For patients who were happy to shift to remote care, telemedicine options may have actually saved them money or provided better access. However, clients who required in-person therapy were left without affordable options.

“Imagine you're someone who can't really talk to your therapist in your home because you're discussing something very sensitive and maybe there's someone in the house that you wouldn't want to hear these things, or perhaps you have a child who needs things like drawing and art therapy,” Goetz says. “Your in-person therapist might have quit the market because they’re competing with all of these telemedicine providers, or they might have raised their price.”

Goetz’s paper is the first to establish a causal relationship between the increase in telemedicine options and the availability of mental health care. As other types of care, such as primary-care physician visits, migrate online and over the phone, his model might inspire similar research in other medical fields.

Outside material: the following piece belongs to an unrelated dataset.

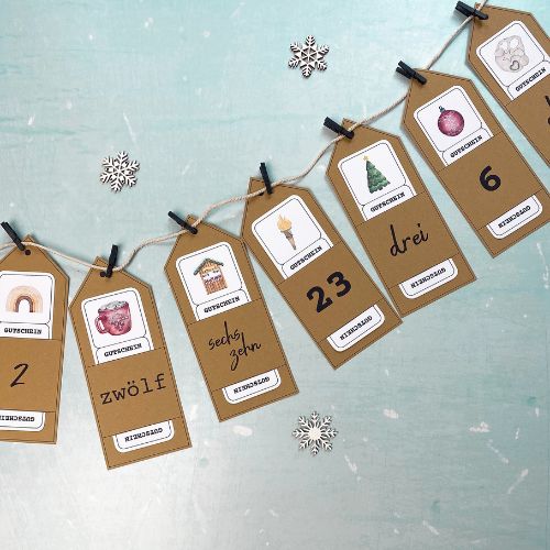 Auch die Gutscheine werden ganz einfach ausgedruckt & ausgeschnitten. Jetzt musst du nur noch jeden Gutschein in seine passende Zahl stecken, alles an einer Schnur aufhängen – und fertig ist dein ganz persönlicher Adventskalender.
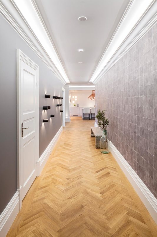 Bulevardilla sijaitsevaan kattohuoneistoon tehtiin valolistat, kattolistat, koristelistat, jalkalistat, ovilistat ja pilasterit.

“Most health care providers are operating under sharp capacity constraints. Some patients are happy to use telemedicine and others still want that in-person option,” Goetz says. “Where those things are true, this is a potential mechanism for how competition will shake out.”

Goetz also hopes that his work will influence policymakers to take a more nuanced approach to mental health care policies. 

“Suppose you’re up in a remote place that’s underserved, like Thunder Bay and you think, 'we know there are unaddressed needs, let’s start pushing telemedicine,’” he says. “We have to make sure there’s still protection for local in-person options.”

 


Daniel Goetz is an assistant professor of marketing at the University of Toronto Mississauga, with a cross appointment to the Rotman School of Management.